Нет никакого сомнения, что пройдут годы и найдется историк (да простят меня благородные историки), который напишет книгу под претенциозным заглавием: «Марат и женщины». И конечно же, эта книга пойдет нарасхват. И конечно, как и все, написанное о Марате, она окажется букетом лжи. И конечно, мои любезные соотечественники, читая ее, будут смаковать сочные детали, упиваться рискованными подробностями – таковы, к сожалению, мы, потомки Брантома и Лабрюйера, истинные дети Франции.
Именно поэтому я считаю долгом своим остановиться на данном предмете, хотя поначалу и не собирался этого делать. Дабы предотвратить ложь, нужно выявить правду. И если я не могу похвастать, будто знаю об этой стороне жизни моего друга особенно много – Марат не принадлежал к числу мужчин, любящих афишировать свои связи, – я все же льщу себя надеждой, что знаю здесь несколько больше, чем другие, и поэтому читатель может отнестись к моим словам с большим доверием, чем к фривольным измышлениям настоящих и будущих пасквилянтов.
Жизнь Марата ярко подтверждает истину, которую так часто пытаются оспаривать: женщину привлекает в мужчине отнюдь не его внешность. Марат далеко не был Адонисом, это известно всем. А между тем как его любили! Скажу сильнее: как его обожали дамы, в том числе в изысканные красавицы, щедро одаренные, с безукоризненным вкусом, с блестящими манерами, с тонкой душой… II просто женщины, без всяких манер, но с единственным дарованием – любить и быть любимыми…
У меня хранится четверостишие, написанное рукой Марата – единственный образец его юношеской поэзии; это мадригал в честь одной из невшательских красавиц, некой госпожи д'Андре. Вот он:
Ваша поступь граций сконфузит,
Ваша прелесть Венеру затмит,
Сам Амур-победитель струсит,
Стрелы вам отдать поспешит…
Неважные стихи – скажет читатель. А я и не хвалю их; я хочу лишь показать, что в определенном возрасте Марат отдавал дань тому же, чему отдаем все мы.
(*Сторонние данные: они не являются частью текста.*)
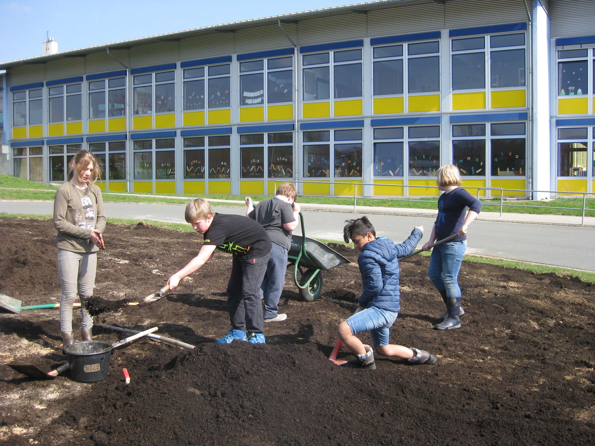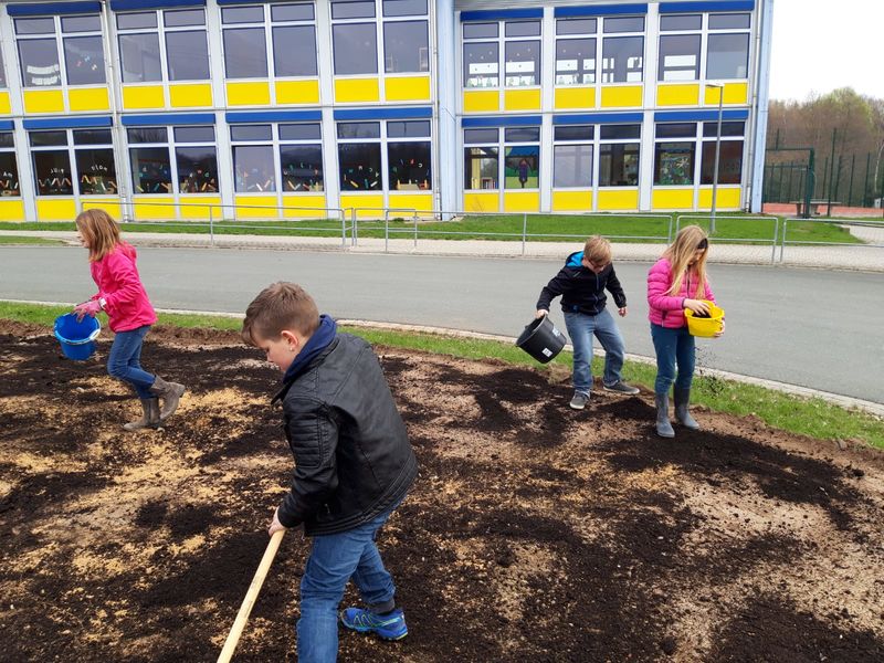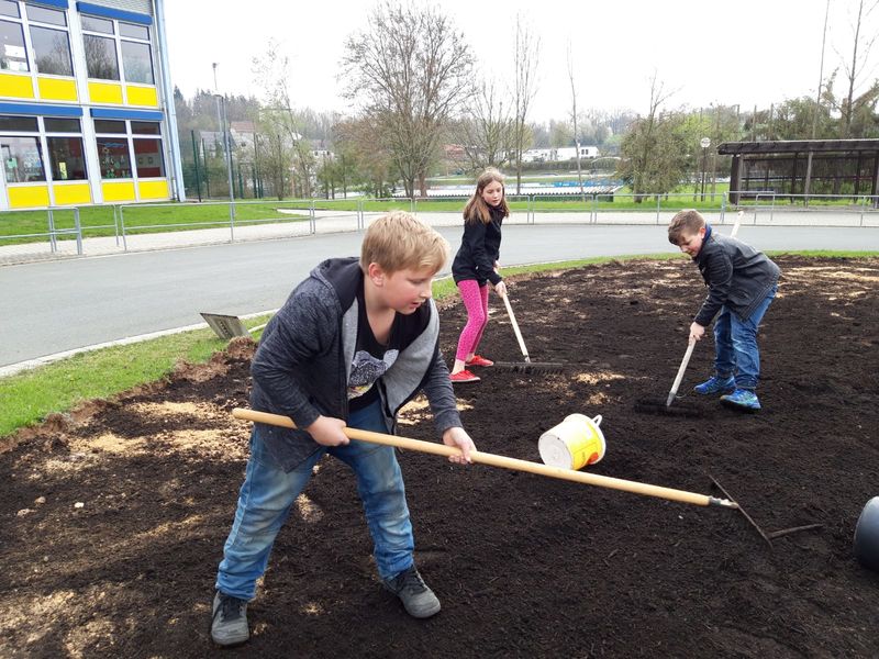 Auch unsere Grundschule wollte ihren Teil zum Schutz unserer Insekten leisten. Kurzentschlossen sollte die Grünfläche im Buswendeplatz zur Blumenwiese umgearbeitet werden. Nach unserer Anmeldung im Landratsamt Kulmbach und mit Unterstützung unserer Gemeinde und des Fördervereins ging es blitzschnell ans Werk. Die Rasenfläche wurde von einem Mitarbeiter des Bauhofes abgetragen. Sand und Erde wurden angeliefert und unsere beiden vierten Klassen buddelten und schaufelten eifrig. Ganz fleißige Kolleginnen konnten in den Ferien den Samen aussäen. Für das Walzen der Fläche bedanken wir uns ganz herzlich beim TC Thurnau und bei unserem Hausmeister, der nun auch für das Gießen zuständig ist. Jetzt heißt es Geduld und Abwarten, wann die ersten Blümchen für die Bienchen sprießen!
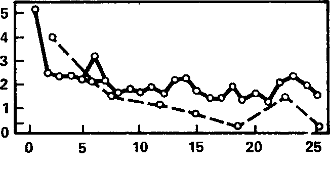 Рис. 5. Сопоставление динамики реакции десинхронизации при сочетаниях звука со светом (сплошная линия) с динамикой этой реакции при изолированных предъявлениях условного звукового раздражителя (штриховая линия). Ось абсцисс – порядковый номер сочетаний; ось ординат – длительность реакции десинхронизации (в с).

И на любовь, естественно, он отвечал любовью: его мечтательный, несколько сентиментальный склад той поры, равно как и его огненный темперамент, давал для этого все необходимое.
Первый серьезный роман Марата относится к годам его странствий. Находясь в Лондоне и будучи уже известным врачом, он познакомился с Анжеликой Кауфман… Кто не знает ныне этой блистательной художницы, умершей в годы империи, художницы немного вычурной, но очаровывающей изысканным колоритом своих картин, их тонким чувством? Достаточно вспомнить ее «Возвращение Германика», «Иисуса и самаритянку» или «Прощание Абеляра с Элоизой»…
Анжелика была на два года старше Марата. Его соотечественница (она родилась в Хуре), Анжелика переехала в Лондон из Швейцарии почти в одно время с Жаном Полем. Здесь она восхитила высший свет в равной мере своей красотой и своим талантом. Самые высокопоставленные лица спешили заказать портрет у модной художницы. Она была принята при дворе и удостоена звания члена королевской академии искусств. Общеизвестна грязная интрига, жертвой которой художница стала в 1768 году. Один богатый лорд долго и безуспешно добивался ее любви. Встретив решительный отказ, он познакомил ее со своим негодяем камердинером, выдав его за шведского графа Горна. Самозванный граф, искусно ведя свою роль, пленил девушку; она приняла его предложение и стала мнимой графиней Горн… Все, конечно, тут же раскрылось. Произошел страшный скандал, разом уничтоживший репутацию и успех молодой художницы… Именно тогда-то с Анжеликой и встретился доктор Марат. Он оказал ей душевную поддержку и помог добиться развода.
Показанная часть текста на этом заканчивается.